Speaking to TechCrunch, Pore expanded on the problem: “Today, people’s alternative is to go to their GP/MP. They may be lucky, have a GP who knows a lot about the issues to offer the support the patient needs. We know that a lot of women aren’t getting the support they need, they suffer, they struggle, they’re embarrassed to talk to their manager about what’s going on. They muddle through and they’re worried about being fired because for ‘women’s problems’. Some women quit. All the surveys suggest that people either switch their working arrangements, make different decisions or quit. It’s a big headache for employers, and we know the same thing happens for new parents.”

She added: “We’ve seen a real tidal change, especially in the last two years and I think COVID has massively accelerated companies putting menopause policy into line manager training. But none of those really address what the individual needs are because ultimately they still go to their GP and they’re back at square one.
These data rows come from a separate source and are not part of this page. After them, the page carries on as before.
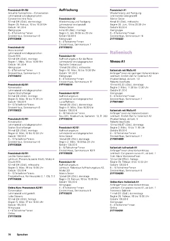 Online-Kurs: Französisch A2/B1 4 – 6 Teilnehmer*innen Lehrbuch: Con piacere nuovo A1, ab Lekt. 1
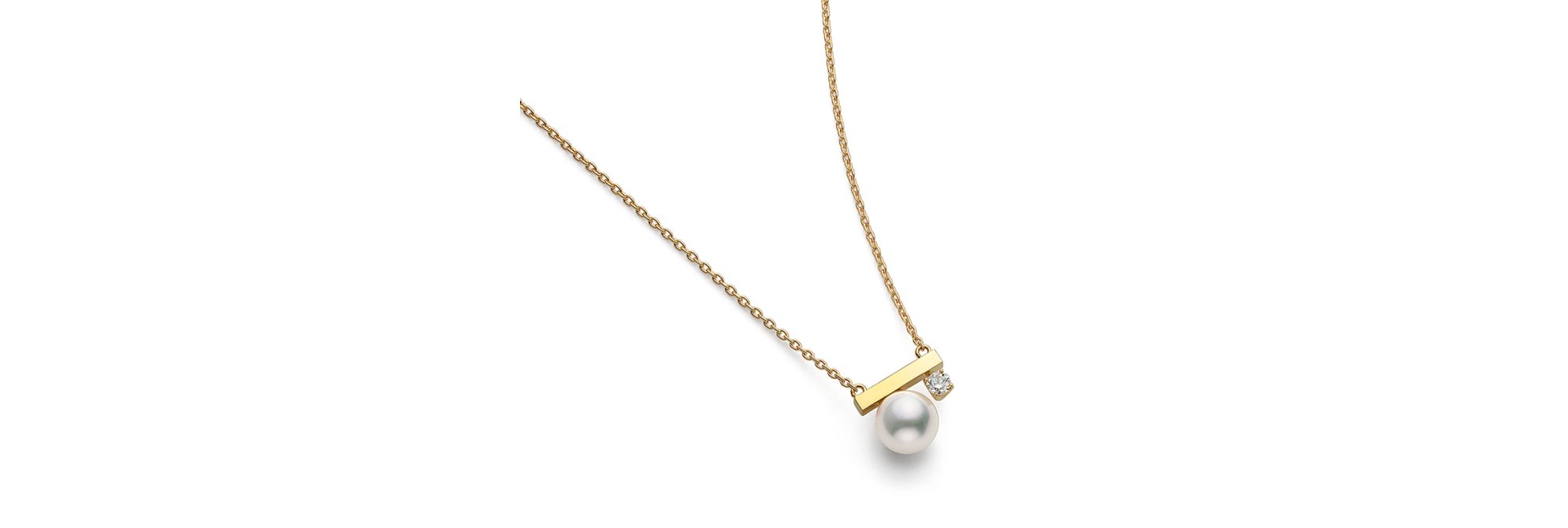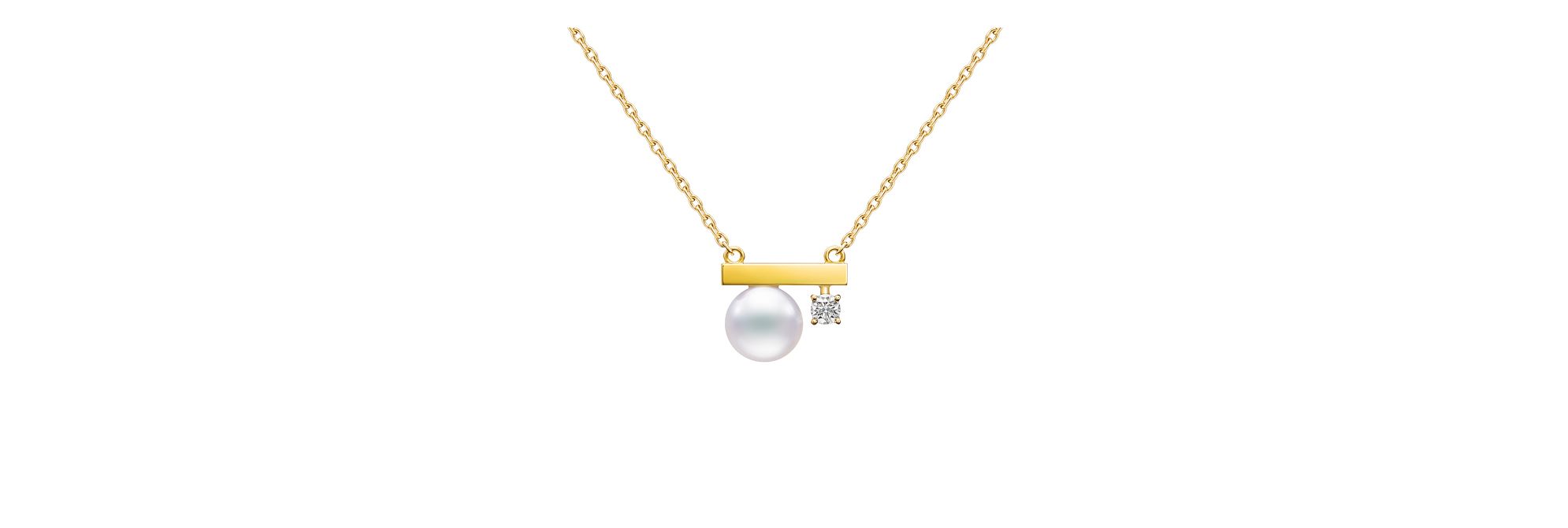 这款优雅的项链以单颗阿古屋珍珠和单颗钻石点缀于黄金直杆上,外形纤巧,风格可爱,洋溢着优雅气息与动人光芒。
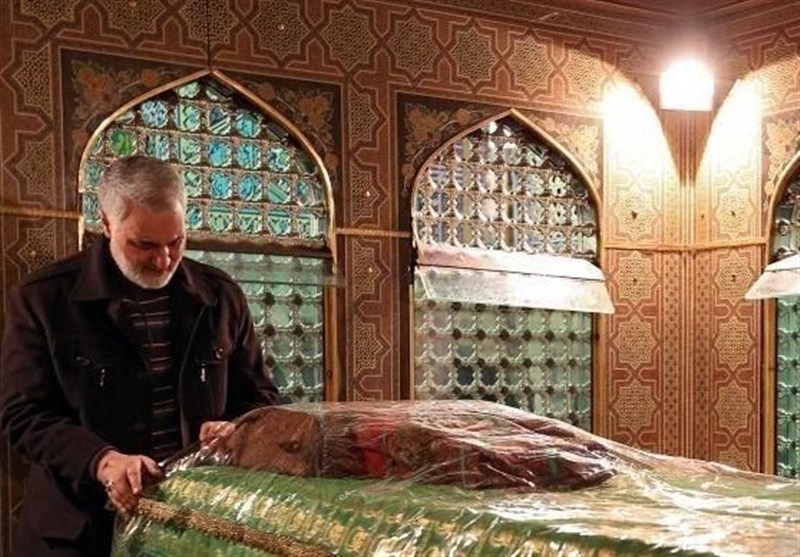 به گزارش خبرگزاری تسنیم از مشهدمقدس، در این قاب دلنشین تاریخی، سردار دل‌ها شهید حاج قاسم سلیمانی، خادم دستگاه ولایت در کنار مضجع شریف امام رضا(ع) هر چه می‌گوید و می‌خواهد، معلوم است به مراد نزدیک بوده.
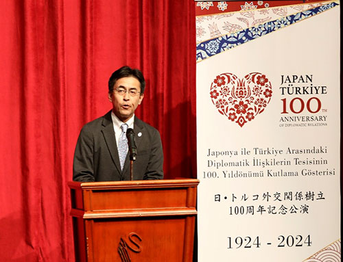 Gösteri öncesinde sahneye çıkan Japonya İstanbul Başkonsolosu Kenichi Kasahara burada yaptığı konuşmada: “İstanbul Belediyesi başta olmak üzere gösteriyle ilgilenen Muhsin Ertuğrul Sahnesi’nde görevli tüm arkadaşlara teşekkür ediyorum. Ayrıca değerli katılımcılara hoş geldiniz diyorum. Bu yıl Japonya ile Türkiye arasındaki diplomatik ilişkilerin tesisinin 100. yıl dönümünü karşılıyoruz. Japonya Başkonsolosluğu olarak Ocak ayından bu yana 200 kadar kültürel etkinlik gerçekleştirdik. Ayrıca geçen hafta Japonya’nın veliaht prens ve prensesi İstanbul, Ankara’yı ziyaret etti. Bugünkü Japon davulu konserini ilişkilerin 100. yıl dönümünün son etkinliği olarak adlandırabiliriz. İki ülke arasındaki dostluk ilişkisi 1890 yılındaki Ertuğrul Fırkateyni kazası ile başlıyor. Meydana gelen büyük depremlerde, zor dönemlerde hep birbirimizin yanındaydık. Bundan sonra Japonya ve Türkiye arasındaki dostluk ilişkisinin daha da derinleşeceğini içtenlikle diliyoruz” dedi.
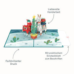 Handgemachte Pop Up Karte Weihnachtslamas mit 3D-Effekt
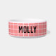 Diese Hundeschüssel hat ein modernes, geometrisches, gitterartiges Muster, ergänzt durch ein mädchenhaftes Korallenrosa. Vollständig anpassbares und niedliches Zubehör für Haustiere. Ideal für den Tierbesitzer in Ihrem Leben, Personalisiert mit Namen und Ihr Haustier kann zusätzliche passende Accessoires wie Halsbänder und Leinen haben.
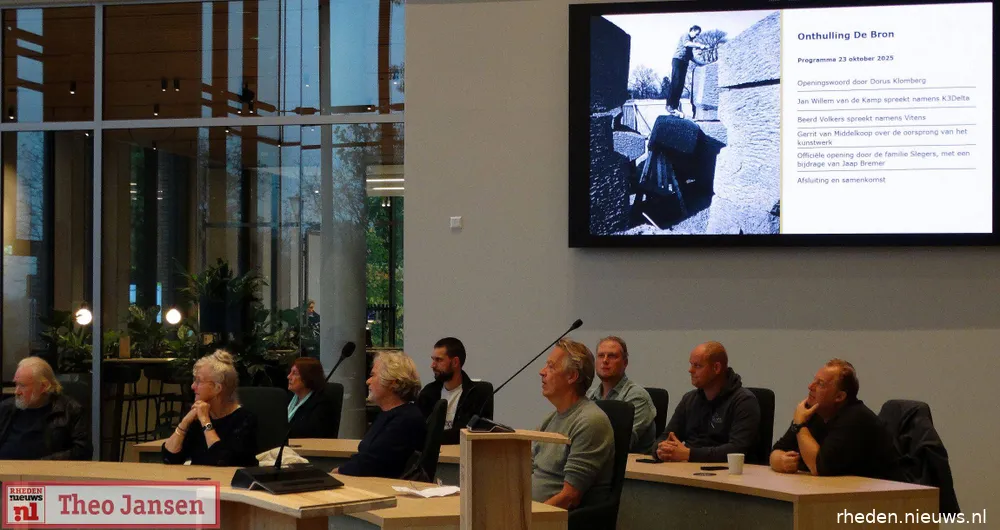 DE STEEG – Het monumentale kunstwerk De Bron van kunstenaar Piet Slegers heeft een nieuwe, prominente plek gekregen bij het gemeentehuis in De Steeg. Het werk, dat de oerkracht van de aarde en het vrijkomende Veluws water symboliseert, stond sinds 1968 bij het voormalige hoofdkantoor van Waterbedrijf Gelderland in Velp. Dankzij een gezamenlijke inspanning van Vitens, K3Delta en de familie Slegers is het kunstwerk nu duurzaam herplaatst, zodat het behouden blijft voor de inwoners van de gemeente Rheden.

And so what we’re doing with Pepe is giving them access to our nurses and counselors on our programs, so they can get informed, educated on what their options are, medical and nonmedical, have the information they need to be able to go and seek out the right options for them, try them and they get that support over months, because we know that it will go up and down over time and you know everyone’s health journey evolves.”

She told me that the tech solution means Peppy allows people to connect to human experts “through the way that suits them in a personalized way and convenience so they can get child support, they can get video consultations, they’ll get content that’s tailored for them, they can join in live sessions on topics that are relevant for them. That can be anything from the basics of menopause, to your sex life. You can do it on your own time, in short bursts, or if you need it, for a 45-minute phone consultation.”